Nothing below is to be printed except the lines between the line holding "Contact angles of" and the line holding "Продолжается и история", inclusive, each exactly as it appears.

** Supplied information **
┄┄┄┄┄┄

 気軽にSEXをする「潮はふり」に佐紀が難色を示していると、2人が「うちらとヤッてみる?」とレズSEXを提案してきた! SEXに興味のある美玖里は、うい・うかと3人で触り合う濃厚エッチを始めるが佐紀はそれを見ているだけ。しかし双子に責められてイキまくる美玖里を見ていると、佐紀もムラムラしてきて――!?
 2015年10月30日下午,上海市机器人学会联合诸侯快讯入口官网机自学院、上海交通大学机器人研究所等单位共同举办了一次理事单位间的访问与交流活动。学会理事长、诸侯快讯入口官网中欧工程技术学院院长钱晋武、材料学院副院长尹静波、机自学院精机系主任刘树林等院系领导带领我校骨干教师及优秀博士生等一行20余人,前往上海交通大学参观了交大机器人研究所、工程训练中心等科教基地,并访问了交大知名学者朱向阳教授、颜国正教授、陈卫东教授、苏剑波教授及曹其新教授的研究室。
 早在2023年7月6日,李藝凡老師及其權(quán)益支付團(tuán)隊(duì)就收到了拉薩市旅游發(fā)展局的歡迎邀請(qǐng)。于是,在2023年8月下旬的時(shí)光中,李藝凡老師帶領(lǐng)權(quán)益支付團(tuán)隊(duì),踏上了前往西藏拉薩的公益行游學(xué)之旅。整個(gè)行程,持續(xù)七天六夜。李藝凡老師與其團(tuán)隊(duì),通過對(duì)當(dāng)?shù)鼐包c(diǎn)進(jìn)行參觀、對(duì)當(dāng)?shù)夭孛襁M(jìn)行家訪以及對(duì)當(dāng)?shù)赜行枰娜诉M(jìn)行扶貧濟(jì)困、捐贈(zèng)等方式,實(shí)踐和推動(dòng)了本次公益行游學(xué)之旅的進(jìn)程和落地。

┄┄┄┄┄┄

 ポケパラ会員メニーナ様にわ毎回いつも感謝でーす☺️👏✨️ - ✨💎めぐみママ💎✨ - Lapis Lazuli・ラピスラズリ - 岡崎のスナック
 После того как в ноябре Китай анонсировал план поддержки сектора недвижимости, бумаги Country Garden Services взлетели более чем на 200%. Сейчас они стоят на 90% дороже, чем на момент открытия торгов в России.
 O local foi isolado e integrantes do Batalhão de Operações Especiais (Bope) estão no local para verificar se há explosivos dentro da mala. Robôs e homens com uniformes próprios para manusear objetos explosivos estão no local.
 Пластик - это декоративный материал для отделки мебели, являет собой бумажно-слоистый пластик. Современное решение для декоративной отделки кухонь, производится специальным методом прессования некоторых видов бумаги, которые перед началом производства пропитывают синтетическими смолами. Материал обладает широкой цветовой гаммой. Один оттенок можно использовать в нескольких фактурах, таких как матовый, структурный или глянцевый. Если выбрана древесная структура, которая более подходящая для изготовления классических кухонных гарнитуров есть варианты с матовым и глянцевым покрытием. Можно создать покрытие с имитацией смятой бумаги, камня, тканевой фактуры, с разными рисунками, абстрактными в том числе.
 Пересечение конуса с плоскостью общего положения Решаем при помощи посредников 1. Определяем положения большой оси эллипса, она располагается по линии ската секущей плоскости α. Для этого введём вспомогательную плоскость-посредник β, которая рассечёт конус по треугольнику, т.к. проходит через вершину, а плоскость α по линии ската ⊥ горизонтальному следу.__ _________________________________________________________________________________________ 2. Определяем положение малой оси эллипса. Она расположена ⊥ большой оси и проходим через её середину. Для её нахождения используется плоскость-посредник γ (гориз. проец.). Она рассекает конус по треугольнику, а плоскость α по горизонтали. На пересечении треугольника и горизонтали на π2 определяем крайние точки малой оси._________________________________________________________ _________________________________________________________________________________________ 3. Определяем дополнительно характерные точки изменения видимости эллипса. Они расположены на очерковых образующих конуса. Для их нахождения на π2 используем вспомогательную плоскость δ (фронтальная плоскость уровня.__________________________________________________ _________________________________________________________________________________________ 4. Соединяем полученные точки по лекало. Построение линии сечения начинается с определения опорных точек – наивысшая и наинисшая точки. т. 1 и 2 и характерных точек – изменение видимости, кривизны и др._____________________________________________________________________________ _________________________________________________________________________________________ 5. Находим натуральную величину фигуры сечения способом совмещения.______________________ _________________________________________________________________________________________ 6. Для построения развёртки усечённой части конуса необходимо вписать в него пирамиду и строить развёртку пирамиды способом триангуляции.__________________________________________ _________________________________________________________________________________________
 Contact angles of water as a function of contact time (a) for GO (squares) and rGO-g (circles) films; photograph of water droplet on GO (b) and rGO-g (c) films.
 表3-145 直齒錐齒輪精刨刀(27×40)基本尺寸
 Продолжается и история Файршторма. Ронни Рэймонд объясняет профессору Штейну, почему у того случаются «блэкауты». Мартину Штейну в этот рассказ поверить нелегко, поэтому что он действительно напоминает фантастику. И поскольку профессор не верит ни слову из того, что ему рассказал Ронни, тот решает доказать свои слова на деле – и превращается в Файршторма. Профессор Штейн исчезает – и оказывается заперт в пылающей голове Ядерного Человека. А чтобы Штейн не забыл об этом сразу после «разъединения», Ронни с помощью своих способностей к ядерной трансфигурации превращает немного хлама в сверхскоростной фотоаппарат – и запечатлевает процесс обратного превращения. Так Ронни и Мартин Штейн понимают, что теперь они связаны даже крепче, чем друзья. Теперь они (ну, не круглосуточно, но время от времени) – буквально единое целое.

┄┄┄┄┄┄

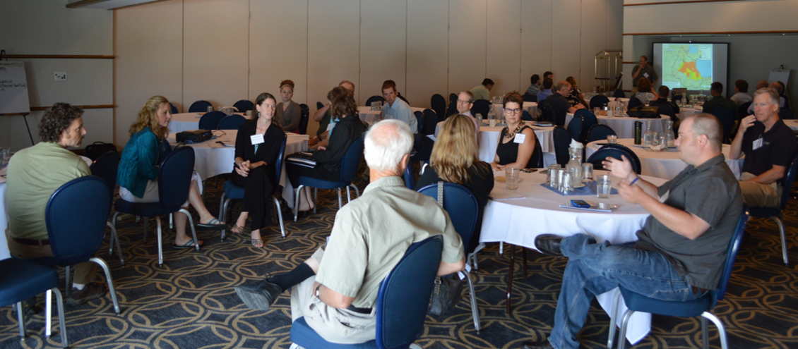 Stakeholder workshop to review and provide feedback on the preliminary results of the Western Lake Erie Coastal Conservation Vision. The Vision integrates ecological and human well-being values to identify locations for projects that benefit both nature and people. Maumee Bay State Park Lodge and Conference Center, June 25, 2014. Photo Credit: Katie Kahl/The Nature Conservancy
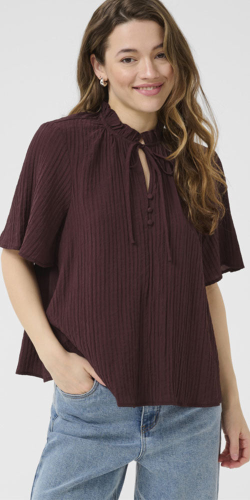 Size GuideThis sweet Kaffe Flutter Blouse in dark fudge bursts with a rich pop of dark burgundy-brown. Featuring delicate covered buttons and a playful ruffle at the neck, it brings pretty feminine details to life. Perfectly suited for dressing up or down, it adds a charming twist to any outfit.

┄┄┄┄┄┄

** Final answer **
 Contact angles of water as a function of contact time (a) for GO (squares) and rGO-g (circles) films; photograph of water droplet on GO (b) and rGO-g (c) films.
 表3-145 直齒錐齒輪精刨刀(27×40)基本尺寸
 Продолжается и история Файршторма. Ронни Рэймонд объясняет профессору Штейну, почему у того случаются «блэкауты». Мартину Штейну в этот рассказ поверить нелегко, поэтому что он действительно напоминает фантастику. И поскольку профессор не верит ни слову из того, что ему рассказал Ронни, тот решает доказать свои слова на деле – и превращается в Файршторма. Профессор Штейн исчезает – и оказывается заперт в пылающей голове Ядерного Человека. А чтобы Штейн не забыл об этом сразу после «разъединения», Ронни с помощью своих способностей к ядерной трансфигурации превращает немного хлама в сверхскоростной фотоаппарат – и запечатлевает процесс обратного превращения. Так Ронни и Мартин Штейн понимают, что теперь они связаны даже крепче, чем друзья. Теперь они (ну, не круглосуточно, но время от времени) – буквально единое целое.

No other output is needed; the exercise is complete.